Just this update from a recent installation in a very poor reception area... My daughter lives in an area where analog reception is very ghosty and with snow. Antennaweb.org predicted that no digital signals would be received at this location. I purchased the Insignia (Zenith) box and a CM4221 4-Bay bow tie antenna, and installed a homebrew pre-amp with a 3.5 dB noise figure at the antenna. The antenna is installed in the attic, pointed towards Washington DC. The Insignia receives all of the Washington stations with no breakups.

The Insignia/Zenith really is a very good DTV converter. If you're waiting for an analog pass through box, you might want to wait for the Zenith DTT901. It's due to hit the stores in mid-July (Radio Shack told me they will accept phone orders with coupons on July 15). This new Zenith DTV converter has the latest LG chip set so you get the great reception with analog pass through.


----------



## ziggy29 (Nov 18, 2004)

Scott in FL said:


> Antennaweb.org predicted that no digital signals would be received at this location. I purchased the Insignia (Zenith) box and a CM4221 4-Bay bow tie antenna, and installed a homebrew pre-amp with a 3.5 dB noise figure at the antenna.
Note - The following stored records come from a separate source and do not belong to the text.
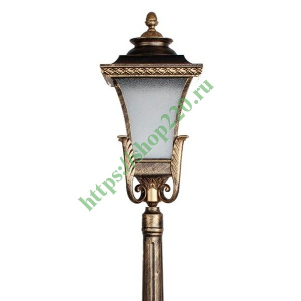 Описание: Конструкция состоит из двух основных элементов – четырехгранного фонаря и вертикальной опоры. Цвет – черное золото. Рассеиватель фонаря – матовое стекло.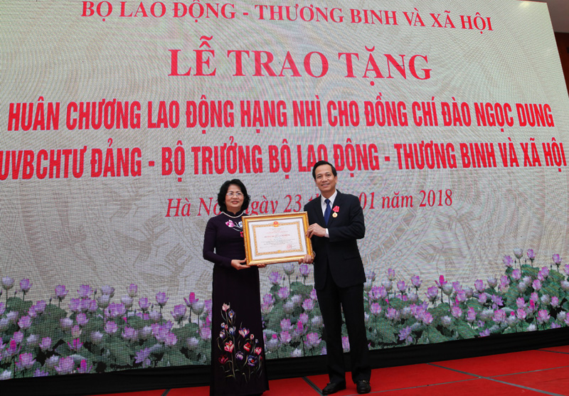 Chiều ngày 23/1, tại Hà Nội, Bộ LĐ-TB&XH tổ chức Hội nghị đại biểu cán bộ, công chức, viên chức năm 2017. Tại Hội nghị, Phó chủ tịch nước Đặng Thị Ngọc Thịnh trao tặng Huân chương Lao động hạng Nhì cho Bộ trưởng Bộ LĐ-TB&XH Đào Ngọc Dung. Tham dự Hội nghị có các Thứ trưởng: Đào Hồng Lan, Lê Tấn Dũng, Lê Quân.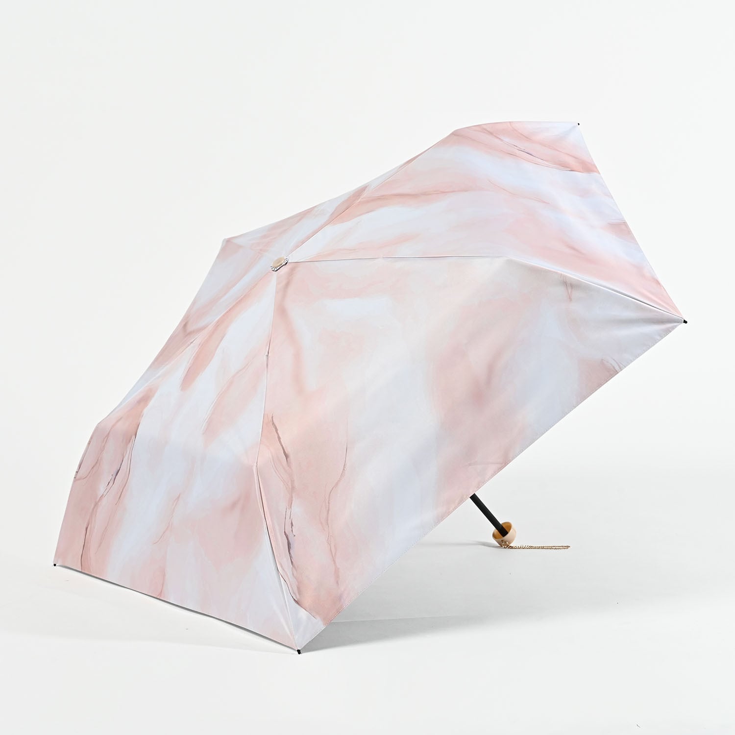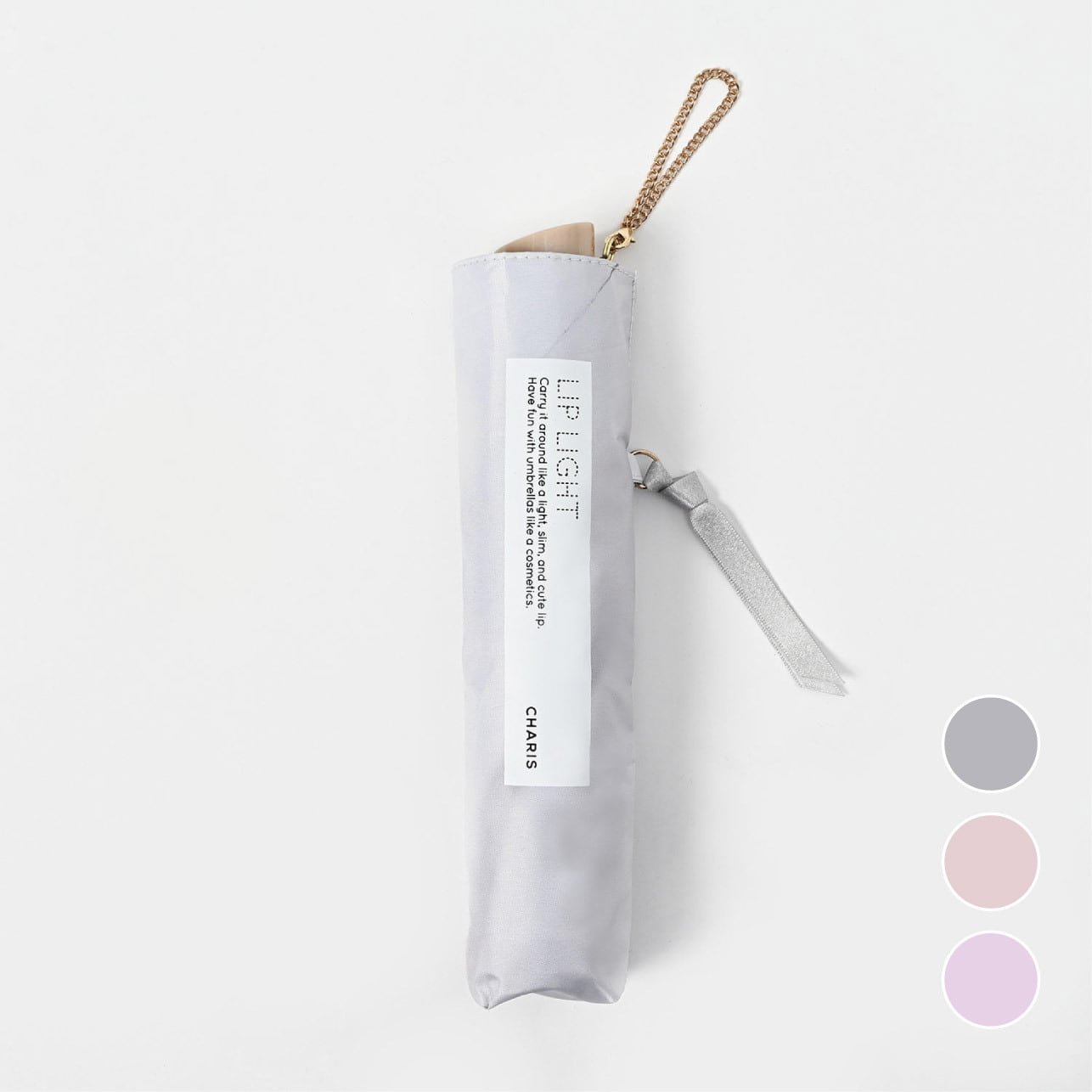 持ち手がリップの断面のカタチをした軽量傘。 遮光・UVカット率ともに100%生地使用。 series:LIP LIGHT 3color:Gray , Beige , Pink Material:polyester 100% Size:50cm Type:light mini

The antenna is installed in the attic, pointed towards Washington DC. The Insignia receives all of the Washington stations with no breakups.


Antennaweb tends to be overly conservative and often doesn't list many channels that you will likely be able to receive.


----------



## gfrang (Aug 30, 2007)

I have 2 Zenith DTT900 boxes one i have hooked up to a 16 in tv in the kitchen.It works really good, i think it has the LG chipset ,fast channel changes.It doesn't have analog pass through but i think that you can split the antenna line coming into the box and go to rf in to tv or recorder.It only has a two program guide i would like to try a TR40 box when it comes out seen a video and it looks really nice.Before i got the box i had the tv slaved from my h-20 in the bedroom with a rf modulator worked but not too well,what i would like to try is a digital agile modulator to the Zenith box.


----------



## arxaw (Jul 13, 2003)

Go to Radioshack or Circuit city and get the best box available for weak signals in fringe areas, the *Zenith DTT900 or DTT901*. Or go to BestBuy and get the *Insignia*. It's BestBuy's store brand of the exact same high performing Zenith box.

The guy at Radioshack you talked to is a complete idiot.


----------